#### DATA SEGMENT:
+++

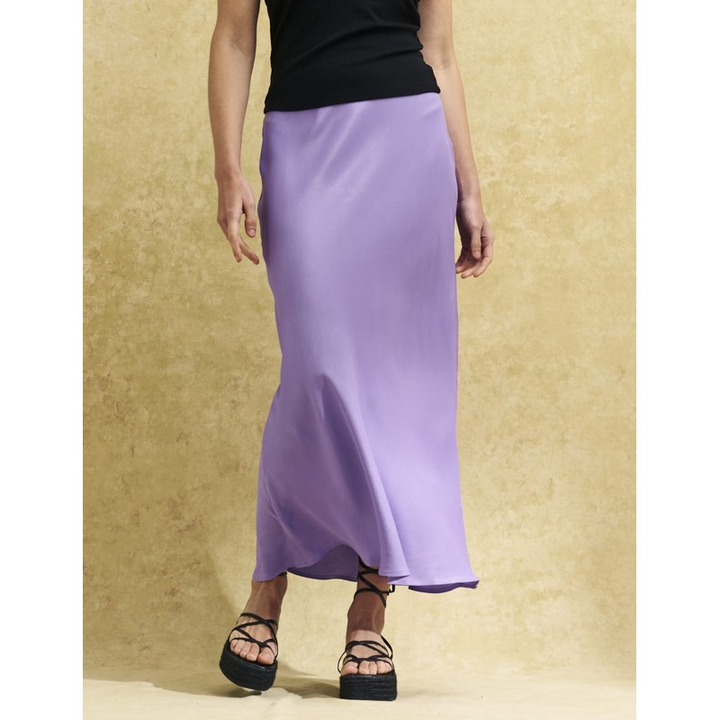 Our sell-out Mila skirt is back in lilac satin. It IS a body-skimming cut that flares at the hem. Team yours with chunky sandals for dining alfresco.Elasticated waistBias cut
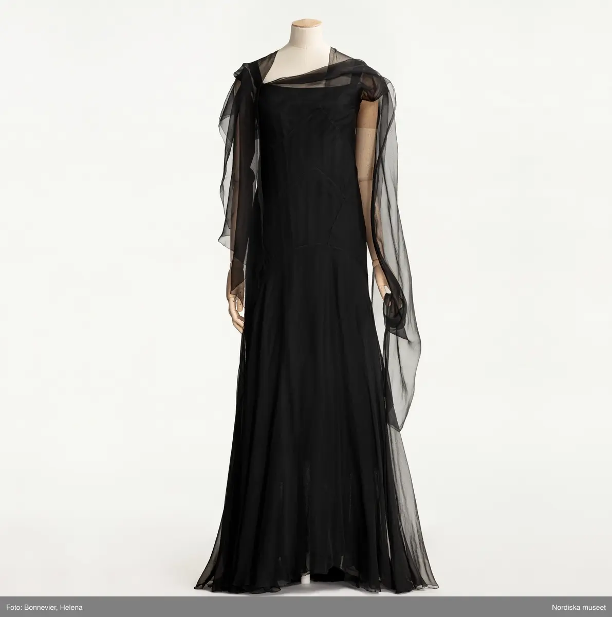 Klänning monterad på docka. Festklänning med detaljer av tyll. Originalplagg från Coco Chanel, troligen från tidigt 1930-tal. Den har tillhört Margit Graffman (1900-1991), chef för NK:s konfektionsavdelning 1931 till 1953.
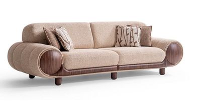 Beiges Wohnzimmer 4-Sitzer Sofa Designer Polstercouch Textilsofa

+++

#### WHAT IS EXPECTED:
When you reproduce the material, keep every word exact and leave each picture out.

#### SOLUTION TO THE PROBLEM:
 Our sell-out Mila skirt is back in lilac satin. It IS a body-skimming cut that flares at the hem. Team yours with chunky sandals for dining alfresco.Elasticated waistBias cut
 Klänning monterad på docka. Festklänning med detaljer av tyll. Originalplagg från Coco Chanel, troligen från tidigt 1930-tal. Den har tillhört Margit Graffman (1900-1991), chef för NK:s konfektionsavdelning 1931 till 1953.
 Beiges Wohnzimmer 4-Sitzer Sofa Designer Polstercouch Textilsofa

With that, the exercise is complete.